The taxpayer here has proved that for three years prior to 1920 the Commissioner has held that its invested capital could not be satisfactorily determined. It further appears that the Commissioner did not determine the invested capital of the taxpayer or compute the tax under section 301 for the taxable year here in question. It further appears that he did not compute the tax under the provisions of section 328. Section 302, in our opinion is an alternative provision, not to be applied unless the tax computed under that section is less than the tax computed under either section 301 or under section 328 in the event that the mandatory provision of section 327(a) applies. In the absence of evidence that the Commissioner is able to determine the invested capital of the taxpayer for the taxable year here in question, and in view of the fact that he has not first computed the tax under the provisions of section 301, we are of the opinion that the application of section 302 in the first instance was erroneous. This being true, it follows that the Commissioner should determine the invested capital of the taxpayer for the year here in question, if he can do so, and compute the tax under the provisions of section 301.

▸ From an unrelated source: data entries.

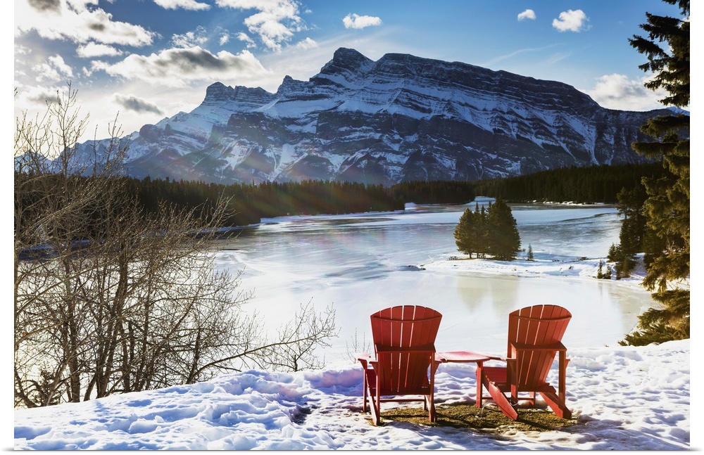<p>Two Red Chairs On Snow Covered Ridge Overlooking Frozen Lake, Banff, Alberta, Canada</p>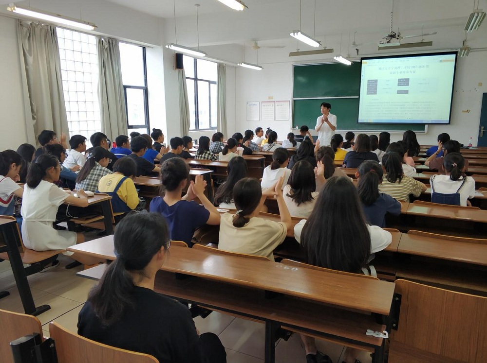 9月21日 下午,日语专业18级新生在SB318教室迎来了始业教育讲座。讲座由公司特聘教授王亨良博士主持,王教授深入浅出,结合18级日语专业培养计划就学习契机、学习方法、学习目标等方面引导同学们进行思考,并与同学们亲切互动。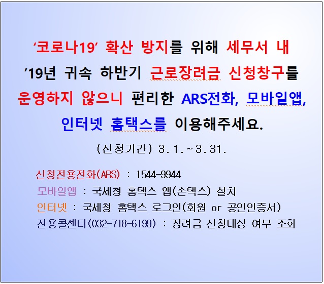 근로장려금 반기 신청창구 미운영 안내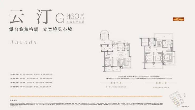 建面约160㎡上叠预计使用率最高约145%、约8.5m横厅双阳台、南北通透主卧套房。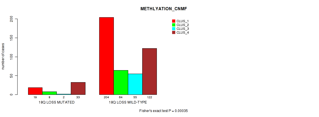 • 18q loss cnv correlated to 'METHLYATION_CNMF'.
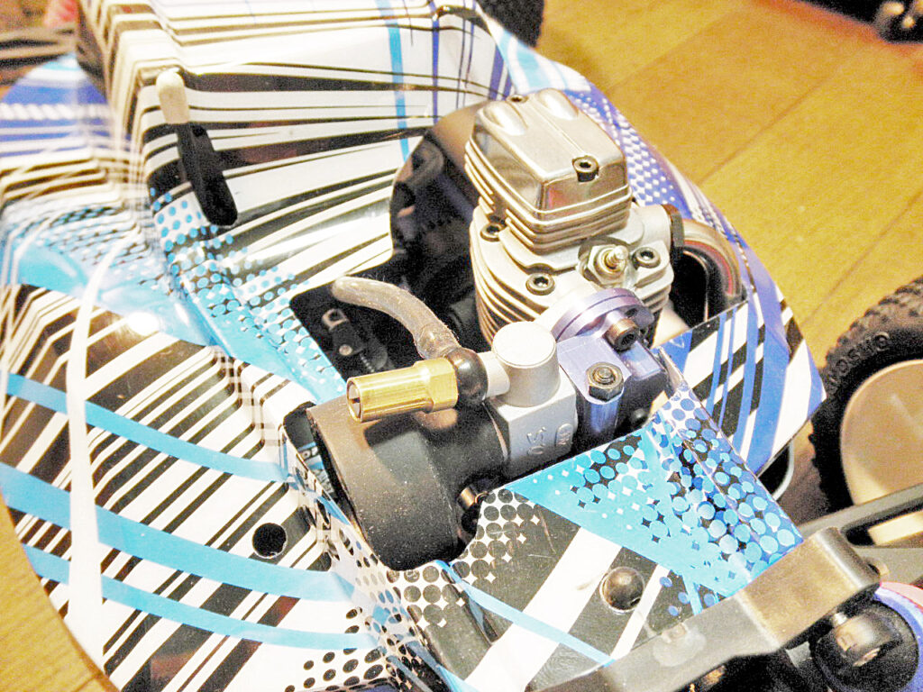 リンケージはこんな感じでシンプルに。キャブのスロットルレバーとサーボホーンの高低差が少々気になるので、キャブ側をボールリンクにしてロッドを水平にします。エアクリーナーはとりあえず標準の「102S」を使います。キャブアダプターで吸気を90度振り、泥除けの為にボディーに潜り込ませます。が、このままではオフロード走行には少々不安なのでなにか替わりを探しましょう。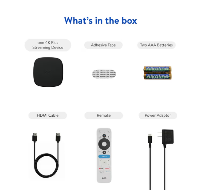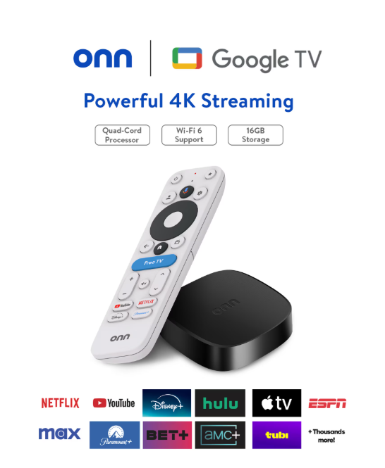 Experience fast and powerful streaming with the onn Google TV 4K Plus Streaming Device, delivering premium entertainment at an exceptional value. Easily transform your TV into a cinematic experience, showcasing your favorite entertainment in vibrant 4K Ultra HD resolution. Enjoy smooth, lag-free performance with 2GB of RAM, making navigation and multitasking a breeze. Get double the storage compared to the standard onn 4K, with 16GB of storage to provide more space to download more apps, games, and content. Stay connected with blazing-fast Wi-Fi 6 (2.4/5GHz 802.11ax) or a USB-C hub with Ethernet port connection. Immerse yourself in breathtaking visuals powered by Dolby Vision and rich, multidimensional audio thanks to Dolby Atmos technology. Effortlessly browse and discover content with Google TV, bringing all your streaming services together in one seamless and intuitive interface. Unlock a universe of over 700,000 movies and shows, plus 10,000+ apps, including Netflix, YouTube, Disney+, and a staggering 1,700+ free live TV channels. Finding what you want is a breeze with the voice remote featuring Google Assistant – simply speak to search for shows, control your TV, and get instant answers. The onn 4K Plus connects easily via HDMI and is powered by the included AC adapter. Setup is quick and easy with everything you need included in the box: the 4K Plus Streaming Device, remote (2 AAA batteries included), HDMI cable (3.28ft), AC adapter, adhesive tape, and Quick Start Guide. Subject to availability. Subscription, download, or purchase may be required for viewing. To view content in 4K, a 4K-capable TV and reliable broadband internet connection are required. Location Availability and Restrictions: onn 4K Plus Streaming Device, Google TV is only available in the United States and Puerto Rico. You will be unable to access any programs or features when set up or used internationally. Usage via VPN or location-masking services to circumvent these geographical restrictions is not supported.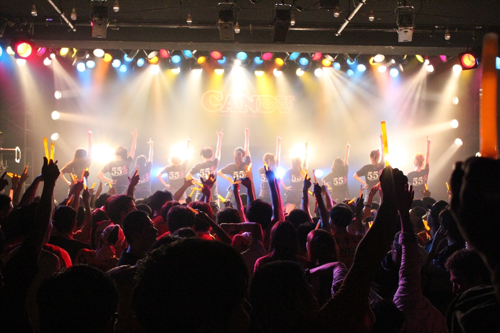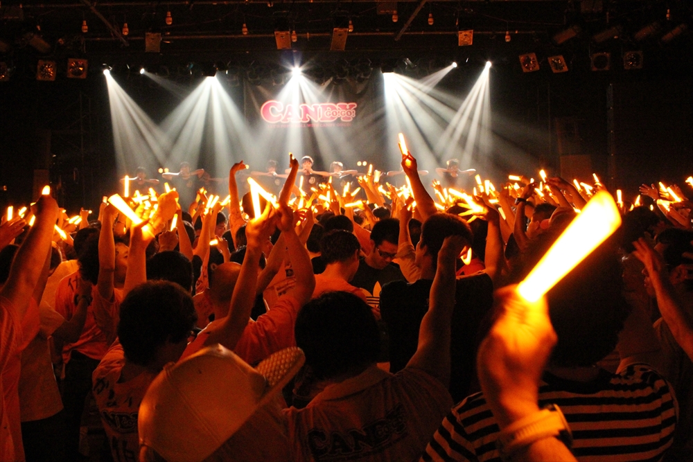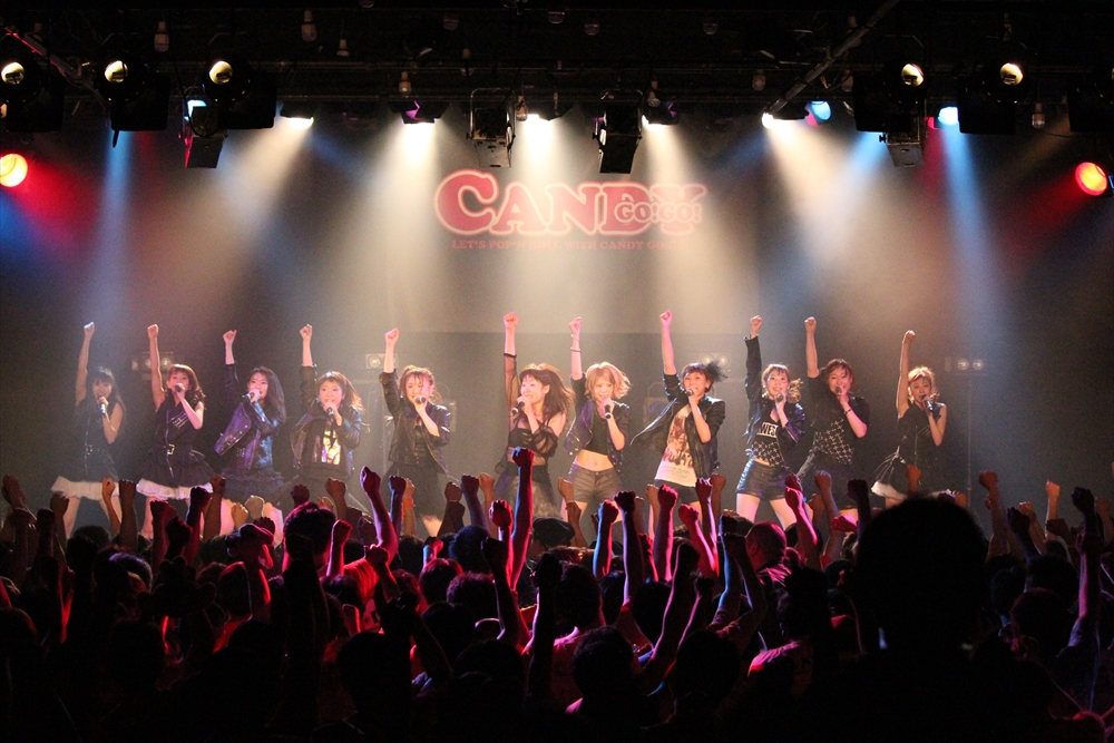 この日は、本編を前編と後編に分けて展開。前編では、11人編成のもと、『ファンファーレ』やLINDBERGの『今すぐKISS ME』のカバーを激しさを持って歌えば、正規メンバー8人で『イミシ ン』や『JACK』『ナミダノカケラ』を通し、場内に熱気を導き出していた。他にも、研修生(五十嵐夏実/羽鳥紗希/宍戸桃子)の3人が、持ち前の明るさ全開で『Forever~あなたのとこへ~』を歌えば、CANDY GO!GO!の若手メンバーを中心に結成された道玄坂上り隊(円田はるか/磯野未来/高城しおり/三浦裕子)が、『道玄坂ラリアット』を明るくパワフルに歌い、お姉さんチームの4人(関根ゆみ/佐伯かな/なぎさりん/菜月アイル)が、温かな歌声を魅力にバラード『l’ll never be alone』を心に染み渡るように歌いあげてゆく場面も登場。CANDY GO!GO!のライブを定番曲として高い支持を得続けている『おとなの事情』では、総勢11人のメンバーたちの歌に合わせ、観客たちも腹の底から声を張り上げ、一体化してゆく場面を作りあげていた。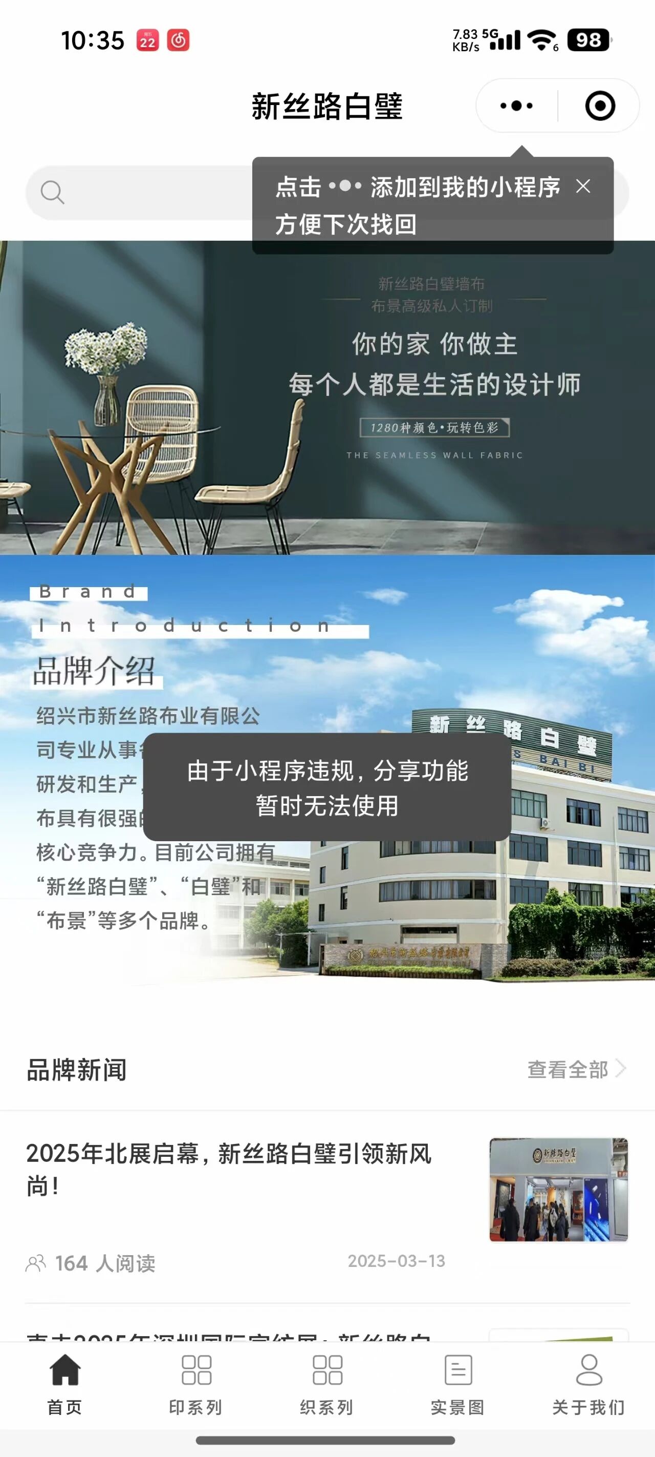 我们的小程序名称叫:新丝路白璧,账号是:gh_1f4406798831,现在无法转发。(如下图片,显示:由于小程序违规,分享功能暂时无法使用)

If the tax when so computed be greater than the tax computed under section 302, the deficiency in issue will be approved. If the Commissioner is unable to determine the invested capital and therefore is unable to compute the tax 'under section 301, section 328 should be applied, and if the tax when so computed be less than the tax computed under section 302, the deficiency, if any, should be recomputed accordingly.
The taxpayer has submitted no evidence as to comparatives under section 328. Such being the case, it will be bound here by the determination of the Commissioner with reference to the amount of tax which shall be found to be due’ under the provisions of section 328. Final determination will be settled as set forth in the decision.